+++ Provided data
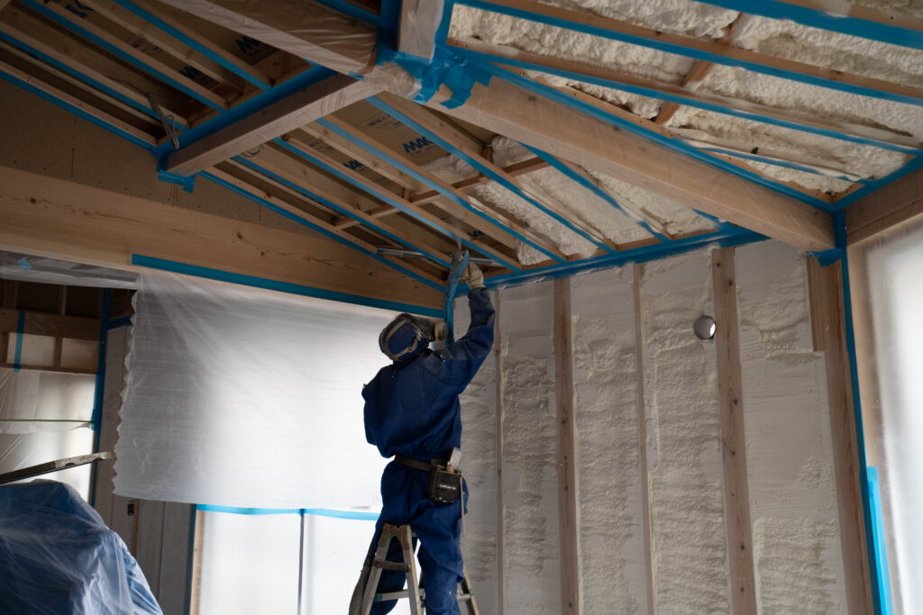 断熱材の吹付が終わり職人さんが天井ボードの施工が始まっておりました!
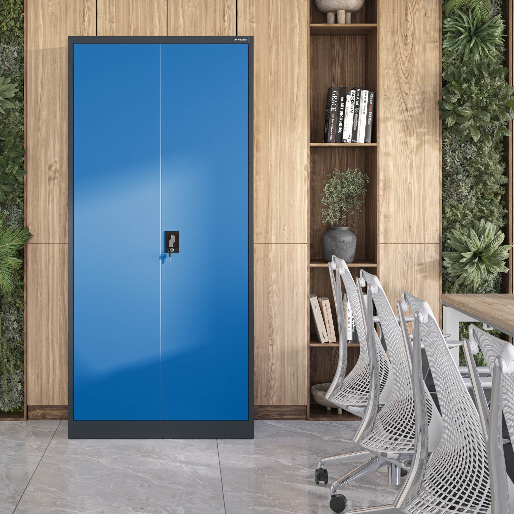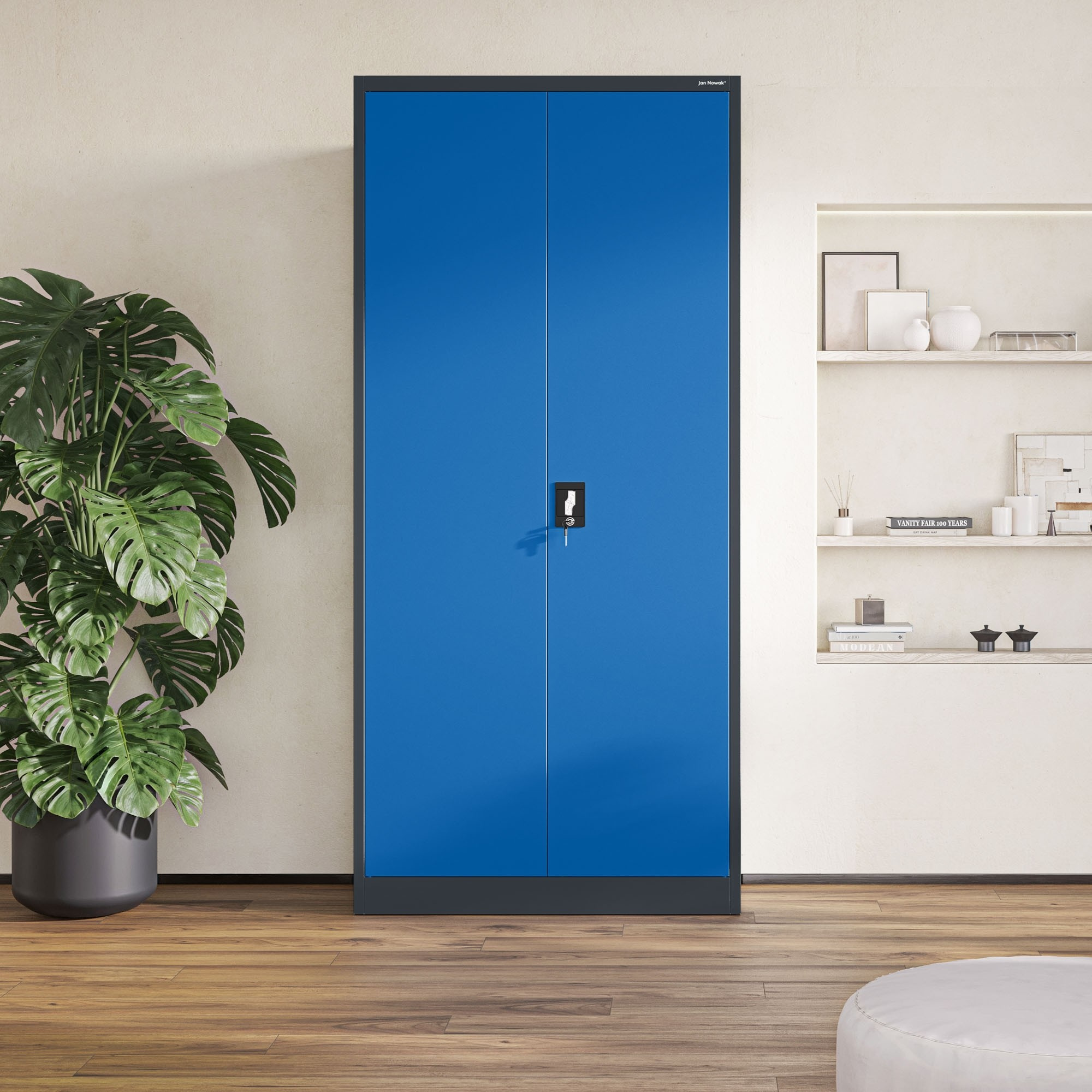 Antracitově-modrá barevná kombinace skříně JAN H je moderní a elegantní. Skříň se snadno začlení do různých stylů interiérů a dodá jim osobitý charakter. Její minimalistický design a čisté linie se hodí jak do kancelářských prostor, tak i do moderních domácností.
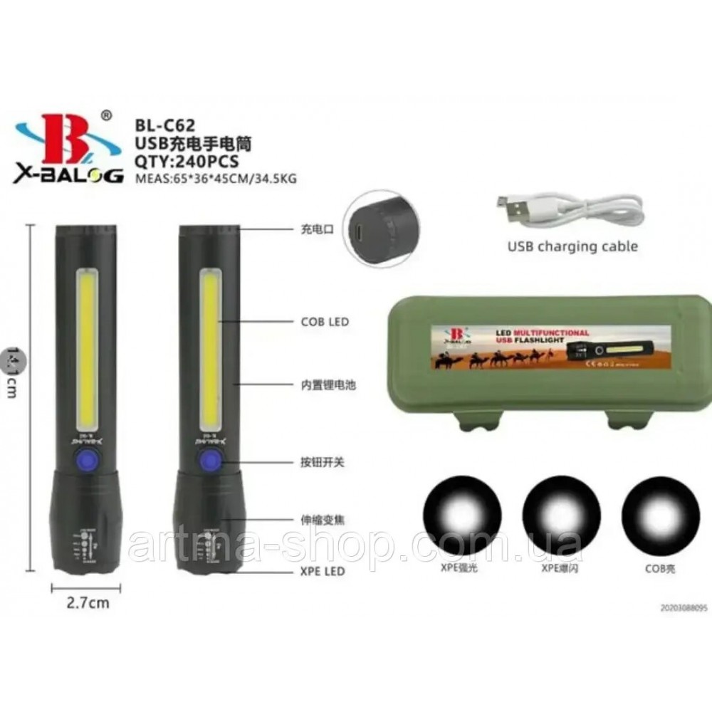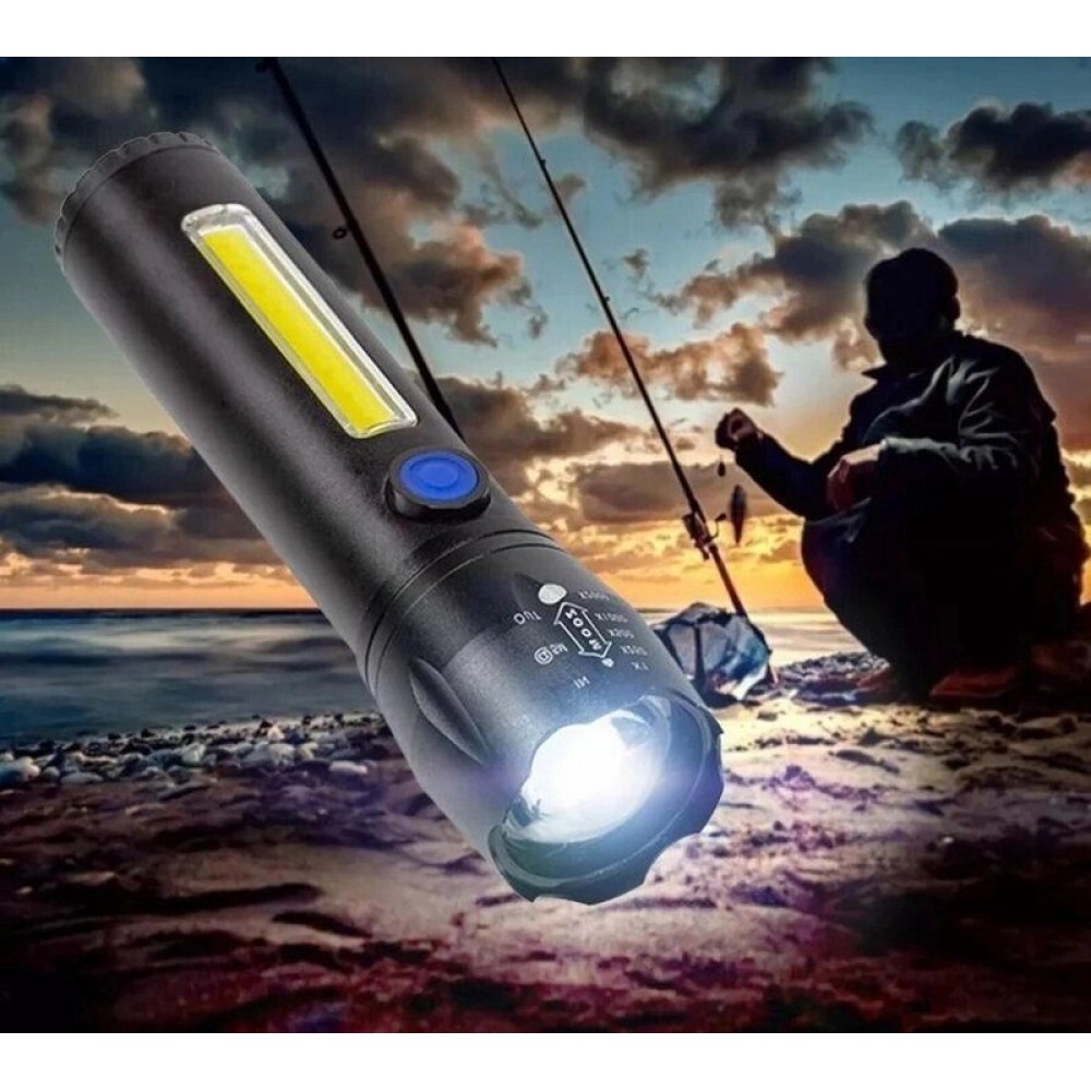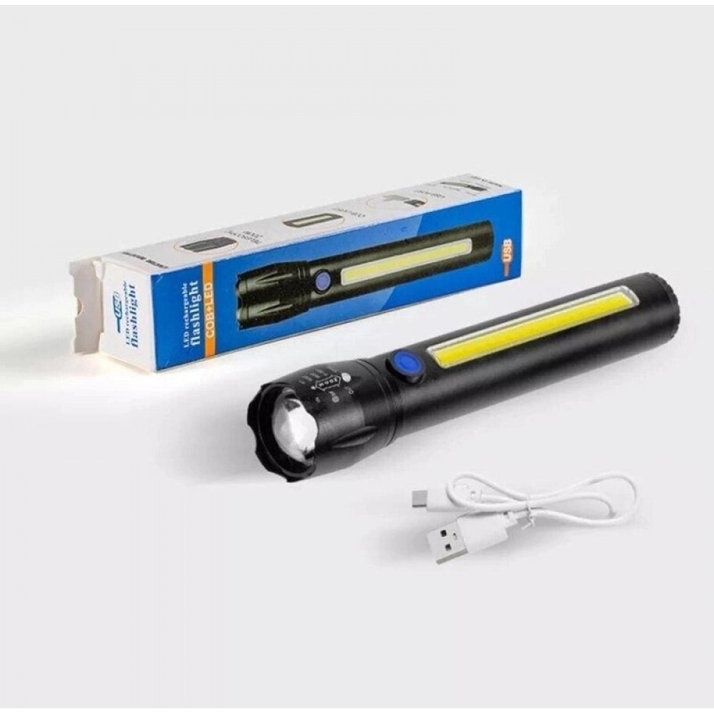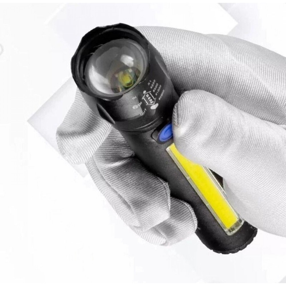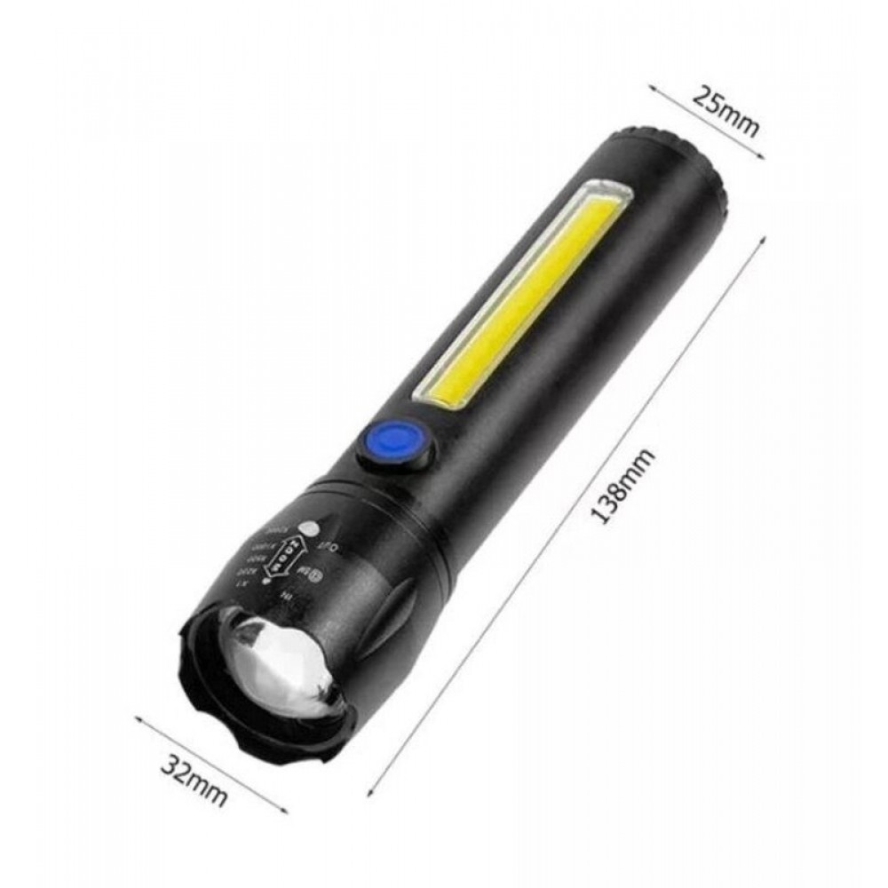 Фонарь T60-3W+COB, Li-Ion аккум., индикация заряда, крюк, ЗУ Type-C, Box
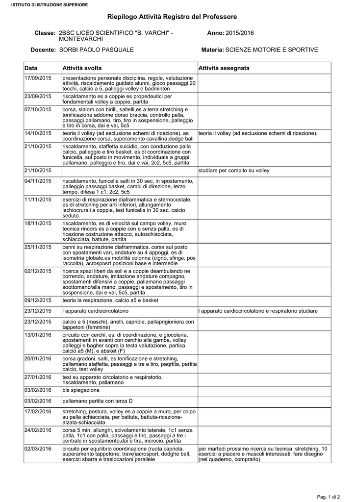 ISTITUTO DI ISTRUZIONE SUPERIORE Riepilogo Attività Registro del Professore Classe: 2BSC LICEO SCIENTIFICO "B. VARCHI" MONTEVARCHI Docente: SORBI PAOLO PASQUALE Anno: 2015/2016 Materia: SCIENZE MOTORIE E SPORTIVE Data Attività svolta 17/09/2015 presentazione personale disciplina, regole, valutazione attività, riscaldamento guidato alunni, gioco passaggi 20 tocchi, calcio a 5, palleggi volley e badminton riscaldamento es a coppie es propedeutici per fondamentali volley a coppie, partita corsa, slalom con birilli, saltelli,es a terra stretching e tonificazione addome dorso braccia, controllo palla, passaggi pallamano, tiro, tiro in sospensione, palleggio e tiro in corsa, dai e vai, 5c5 teoria il volley (ad esclusione schemi di ricezione). as teoria il volley (ad esclusione schemi di ricezione). coordinazione corsa, superamento cavallina,dodge ball riscaldamento, staffetta suicidio, con conduzione palla calcio, palleggio e tiro basket, es di coordinazione con funicella, sul posto in movimento, individuale a gruppi, pallamano, palleggio e tiro, dai e vai, 2c2, 5c5, partita studiare per compito su volley 23/09/2015 07/10/2015 14/10/2015 21/10/2015 21/10/2015 04/11/2015 Attività assegnata 09/12/2015 riscaldamento, funicella salti in 30 sec, in spostamento, palleggio passaggi basket, cambi di direzione, terzo tempo, difesa 1 c1, 2c2, 5c5 esercizi di respirazione diaframmatica e sternocostale, es di stretching per arti inferiori, allungamento ischiocrurali a coppie, test funicella in 30 sec. calcio seduto. riscaldamento, es di velocità sul campo volley, muro tecnica rincors es a coppie con e senza palla, es di ricezione costruzione attacco, autoschiacciata, schiacciata, battute, partita cenni su respirazione diaframmatica. corsa sul posto con spostamenti vari, andature su 4 appoggi, es di isometria globale,es mobilità colonna (cigno, sfinge, pos raccolta), acrosposrt posizioni base e intermedie ricerca spazi liberi da soli e a coppie deambulando ne correndo, andature, imitazione andature compagno, spostamenti difensivi a coppie, pallamano passaggi soottomano/alla mano, passaggi e spostamento, tiro in sospensione, dai e vai, 5c5, partita teoria la respirazione, calcio a5 e basket 23/12/2015 l apparato cardiocircolatorio 23/12/2015 03/02/2016 calcio a 5 (maschi), anelli, capriole, pallaprigioniera con tappetoni (femmine) circuito con cerchi, es. di coordinazione, e giocoleria, spostamenti in avanti con cerchio alla gamba, volley palleggi e bagher sopra la testa valutazione, partica calcio a5 (M), e absket (F) corsa gradoni, salti, es tonificazione e stretching, pallamano staffetta, passaggi a tre e tiro, paqrtita, partita calcio, test volley test su apparato circolatorio e respiratorio, riscaldamento, pallamano bls spiegazione 03/02/2016 pallamano partita con terza D 17/02/2016 stretching, postura, volley es a coppie a muro, per colpo su palla schiacciata, per battuta, battuta-ricezionealzata-schiacciata corsa 5 min, allunghi, scivolamento laterale, 1c1 senza palla, 1c1 con palla, passaggi e tiro, passaggi a tre i centrale in spostamento,dai e tira, incrocio, partita circuito per equilibrio coordinazione (ruota capriola, per martedi prossimo ricerca su tecnica stretching, 10 superamento tappetone, trave)acrosport, dodghe ball, esercizi a piacere e muscoli interessati, fare disegno esercizi sbarra e traslocazioni parallele (nel quaderno, comprarlo) 11/11/2015 18/11/2015 25/11/2015 02/12/2015 13/01/2016 20/01/2016 27/01/2016 24/02/2016 02/03/2016 l apparato cardiocircolatorio e respiratorio studiare Pag. 1 di 2 ISTITUTO DI ISTRUZIONE SUPERIORE Riepilogo Attività Registro del Professore Classe: 2BSC LICEO SCIENTIFICO "B. VARCHI" MONTEVARCHI Docente: SORBI PAOLO PASQUALE Anno: 2015/2016 Materia: SCIENZE MOTORIE E SPORTIVE Data Attività svolta 09/03/2016 nuoto in piscina, analisi situazione iniziale, respirazione ricerca: il crawl, movimento gambe, braccia e al bordo, capriole in acqua, seduti sul fondo, respirazione (per martedi prossimo) galleggiamento e scivolamento, esercizi per movimento gambe, braccia e respirazione crawl, tuffi nuoto, esercizi per bracciate movimento arti inferiori e studiare crawl e dorso tecnica (anche su internet ok) respirazione (crawl per dorso), es di apnea e recupero materiale dal fondo, staffetta, tuffi attivita in piscina crawl, dorso, rana, tuffi virata 16/03/2016 23/03/2016 13/04/2016 Attività assegnata 18/05/2016 allenamento per test di cooper, tecnica del tiro a studiare cap 21 pag 276 canestro esercitazione e valutazione, visione di video relativi al nuoto, tuffo di partenza, crawl e dorso. crawl, per bracciate respirazione e gambe, dorso, gambe e braccia, apnea, test finale corsa 6 min. es di stretching e mobilità articolare braccia e gambe, calcio (melina), partita, volley partita attivo di classe studiare mobilità articolare, cos'è, fattori, come si allena, lo stretching tecnica, il pnf cos è, il riflesso da stiramento attivita allo stadio. test di cooper 25/05/2016 test di cooper, pallamano e basket, test scritto sul nuoto 01/06/2016 correzione test nuoto, test di cooper e basket residui, calcio a5 e basket dodge ball, bowling, volley, calcio a5, test residui 20/04/2016 27/04/2016 27/04/2016 08/06/2016 Pag. 2 di 2
++++++
→ What you have to do
Beginning with the line above that contains "Antracitově-modrá barevná kombinace" and ending with the line that contains "Фонарь T60-3W+COB, Li-Ion", quote each line exactly, keeping out the pictures.

→ Expected answer
 Antracitově-modrá barevná kombinace skříně JAN H je moderní a elegantní. Skříň se snadno začlení do různých stylů interiérů a dodá jim osobitý charakter. Její minimalistický design a čisté linie se hodí jak do kancelářských prostor, tak i do moderních domácností.
 Фонарь T60-3W+COB, Li-Ion аккум., индикация заряда, крюк, ЗУ Type-C, Box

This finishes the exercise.